Returning to school matters, the first Parent-Teacher Association AGM was held in September 1952 and so it seems that Mr Johnson had started at Chudleigh in 1950/51. The PTA organised many fund raising events during his time at the school and particularly in 1955 when a very successful pantomime was presented. With the money raised the PTA were able to purchase a new tape-recorder for the school.

On leaving in the autumn of 1957 the newspaper stated Mr Johnson had been in Chudleigh eight years (1950) and had worked very hard for the school throughout that time. He left the school to take up a teaching post in South Africa. At his last PTA meeting he stressed the need for a new classroom as currently there were forty children per class. At that meeting a new teacher, Miss B Burns was welcomed to the school.

The school was without a permanent headmaster for twelve months until the appointment of a successor in the summer of 1958.
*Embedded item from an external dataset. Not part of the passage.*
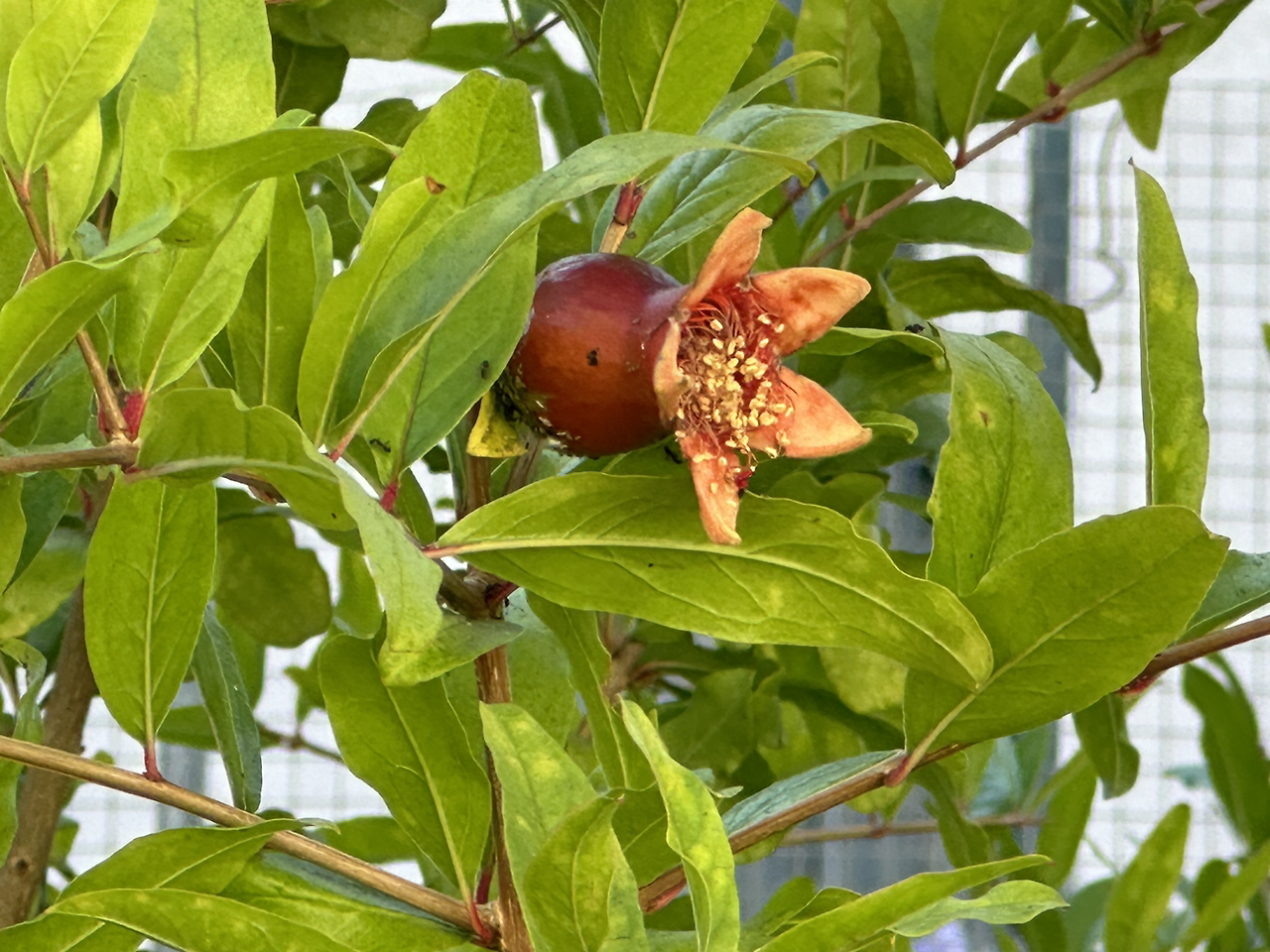 (석류나무에 열린 첫 열매가 이쁘게 자라고 있다.)

From the autumn term 1958 to 1976 the headmaster was Mr William (Bill) J Symes. He was welcomed to Chudleigh at the September 1958 PTA meeting by Mr L Raymont who said it had been a difficult year without a settled headmaster. Mr Symes lived for some while at the school house but later moved to a larger bungalow that was built for him in the Exeter Road (Cedar Gables), where he later died. The school house remained in church ownership (and still does) with all subsequent occupiers being tenants but no longer headmasters of the school.

In 1972, during Bill Symes time at the school the leaving age was raised to sixteen years.
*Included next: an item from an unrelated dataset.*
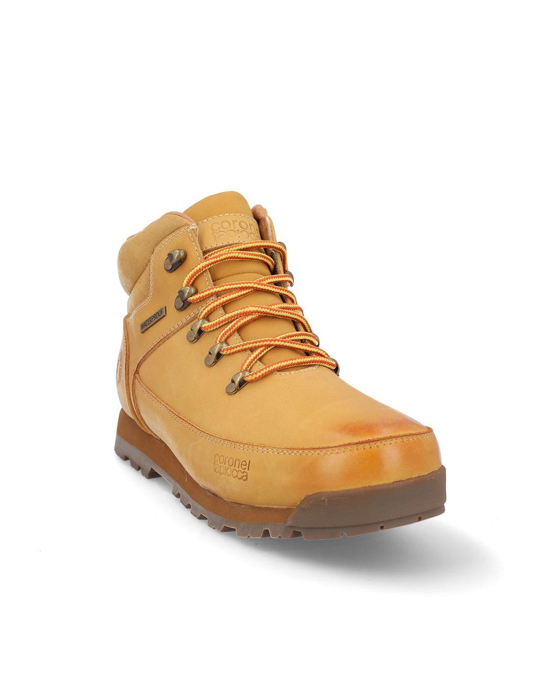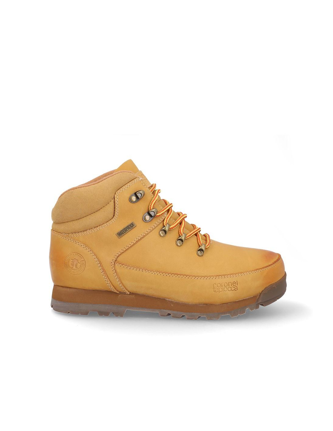 Botines caballero Coronel Tapiocca en piel mostaza con membrana waterproof resistente al agua, cierre de cordones. Forro textil, plantilla textil, caña de 14 cm altura, suela con tacón de 3 cm y plataforma de 1'5 cm de plataforma. Composición: Empeine: Piel. Forro: Piel/Textil. Plantilla: Textil. Suela: Fibra sintética. Componente principal: Piel

Following Mr W J Symes was Mr Anthony (Tony) Gregg (of Paignton) who stayed about six years, then moving to a school at Totnes. Before the next headmaster was appointed Miss Lorna Vinton stood in as Deputy Head. From January 1984 the new headmaster was Mr Michael (Mike) L Tudor, aged 35 years. Miss Vinter then moved to the post of Deputy Head. Mr Tudor went on to hold the post for 25 years, retiring in July 2008. Studying at Birmingham University he had undertaken his teacher training at the College of St Mark and St John, Plymouth. Early on he taught at Camborne, Cornwall and later took the Deputy Head position at Ivybridge Junior School a position he held for four years.

The school remained located off Fore Street until the Lawn Drive building was ready on 1 December 1991. The site used was previously fields belonging to Lawn Farm in Parkway Road. The new purpose-built school building was designed to accommodate 360 children but on opening only had 260. It had cost £1.85 million. The old building remained empty for the next seven years until the youth club moved in May 1998 and the library three years later in November 2001.

From 1 September 2008 the headmaster has been Mr David Barnett and the full school name is now Chudleigh C of E Community Primary School.